[Records contained in a dataset]
++++++++++

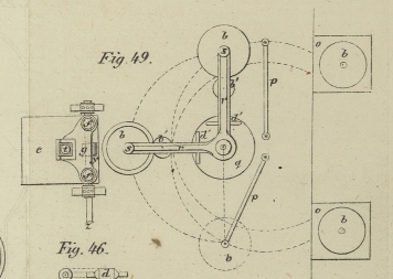 Treibwelle t setzt mit Hülfe der Räder u, u und der Achsen v, v die
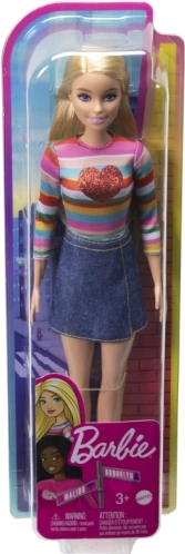 Barbie “Malibu”-dukken bringer børns yndlingsøjeblikke fra serien Barbie It Takes Two til live og inspirerer til nye historier. Med den farverige top med et glitrende hjerte, denimnederdel med gul stikning og komfortable sneakers er hun klar til ethvert eventyr.
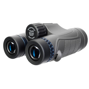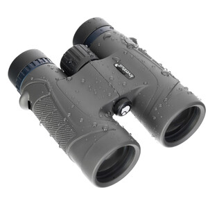 O vidro BaK-4, com o qual os elementos óticos são fabricados, é totalmente revestido várias vezes, para que a imagem seja nítida e clara em todo o campo de visão – mesmo ao entardecer, é possível ver facilmente todos os pequenos detalhes. A ampliação é de 10x, o campo de visão é amplo o suficiente para observação panorâmica e, por isso, os binóculos são versáteis. A roda de focagem está localizada no centro, para que possa alcançá-la facilmente com uma mão. A ocular direita possui um anel de ajuste de dioptria, que permite ajustar a nitidez da imagem com mais precisão. Com viseiras para oculares giratórias.
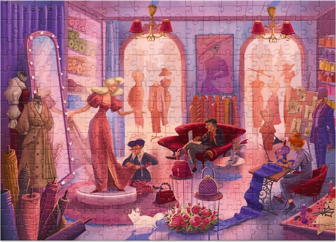 DODO puslespil: Mode-studie tager dig med ind i den fascinerende verden af et modeatelier, hvor der skabes smukke kjoler. Dette puslespil giver ikke kun underholdning, men udvikler også finmotorik, koncentration og logisk tænkning. Hver af de 300 brikker er præcist udskåret af robust karton, hvilket sikrer nem samling og lang holdbarhed.
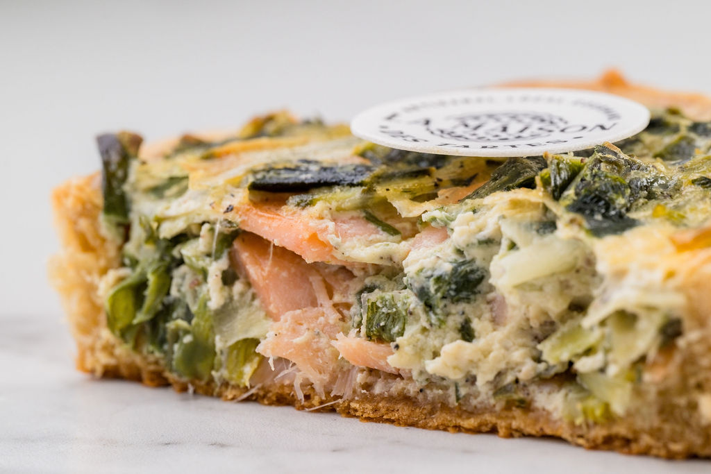 Puff pastry – leeks – smoked salmon – tarragon – ingredients (milk, eggs, cream, salt, pepper, nutmeg)
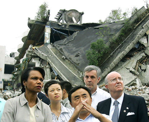 Rice arrived in Beijing after touring China’s earthquake shattered Sichuan Province.
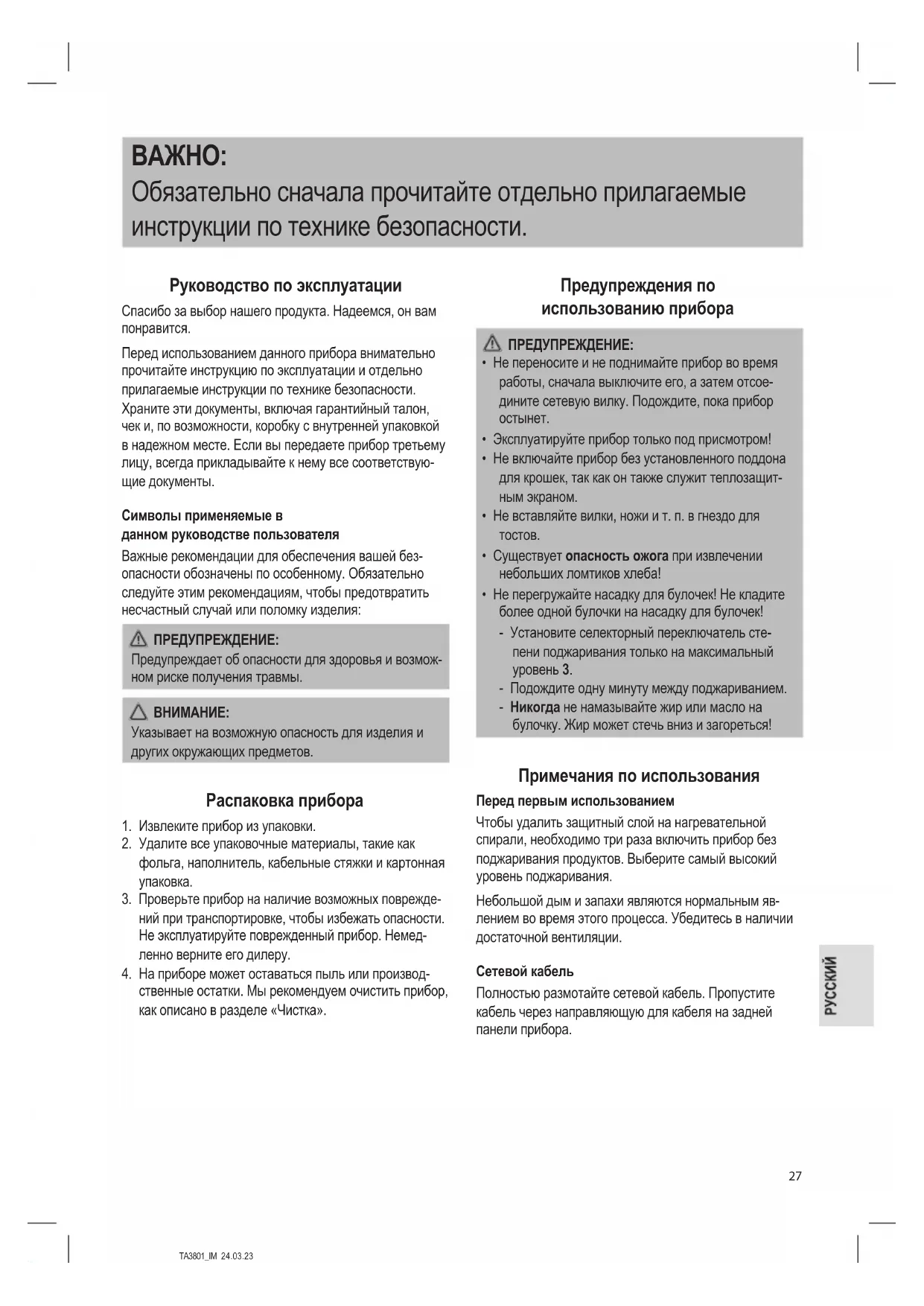 - Не перегружайте насадку для булочек! Не кладите более одной булочки на насадку для булочек! - Установите селекторный переключатель сте- пени поджаривания только на максимальный уровень 3. - Подождите одну минуту между поджариванием. - Никогда не намазывайте жир или масло на булочку. Жир может стечь вниз и загореться! Примечания по использования Перед первым использованием Чтобы удалить защитный слой на нагревательной спирали, необходимо три раза включить прибор без поджаривания продуктов. Выберите самый высокий уровень поджаривания. Небольшой дым и запахи являются нормальным яв- лением во время этого процесса. Убедитесь в наличии достаточной вентиляции. Сетевой кабель Полностью размотайте сетевой кабель. Пропустите кабель через направляющую для кабеля на задней панели прибора.TA3801_IM 24.03.23

++++++++++

## EXERCISE DIRECTIONS
Once the pictures are set aside, repeat the data above exactly as written.

## YOUR SOLUTION
 Treibwelle t setzt mit Hülfe der Räder u, u und der Achsen v, v die
 Barbie “Malibu”-dukken bringer børns yndlingsøjeblikke fra serien Barbie It Takes Two til live og inspirerer til nye historier. Med den farverige top med et glitrende hjerte, denimnederdel med gul stikning og komfortable sneakers er hun klar til ethvert eventyr.
 O vidro BaK-4, com o qual os elementos óticos são fabricados, é totalmente revestido várias vezes, para que a imagem seja nítida e clara em todo o campo de visão – mesmo ao entardecer, é possível ver facilmente todos os pequenos detalhes. A ampliação é de 10x, o campo de visão é amplo o suficiente para observação panorâmica e, por isso, os binóculos são versáteis. A roda de focagem está localizada no centro, para que possa alcançá-la facilmente com uma mão. A ocular direita possui um anel de ajuste de dioptria, que permite ajustar a nitidez da imagem com mais precisão. Com viseiras para oculares giratórias.
 DODO puslespil: Mode-studie tager dig med ind i den fascinerende verden af et modeatelier, hvor der skabes smukke kjoler. Dette puslespil giver ikke kun underholdning, men udvikler også finmotorik, koncentration og logisk tænkning. Hver af de 300 brikker er præcist udskåret af robust karton, hvilket sikrer nem samling og lang holdbarhed.
 Puff pastry – leeks – smoked salmon – tarragon – ingredients (milk, eggs, cream, salt, pepper, nutmeg)
 Rice arrived in Beijing after touring China’s earthquake shattered Sichuan Province.
 - Не перегружайте насадку для булочек! Не кладите более одной булочки на насадку для булочек! - Установите селекторный переключатель сте- пени поджаривания только на максимальный уровень 3. - Подождите одну минуту между поджариванием. - Никогда не намазывайте жир или масло на булочку. Жир может стечь вниз и загореться! Примечания по использования Перед первым использованием Чтобы удалить защитный слой на нагревательной спирали, необходимо три раза включить прибор без поджаривания продуктов. Выберите самый высокий уровень поджаривания. Небольшой дым и запахи являются нормальным яв- лением во время этого процесса. Убедитесь в наличии достаточной вентиляции. Сетевой кабель Полностью размотайте сетевой кабель. Пропустите кабель через направляющую для кабеля на задней панели прибора.TA3801_IM 24.03.23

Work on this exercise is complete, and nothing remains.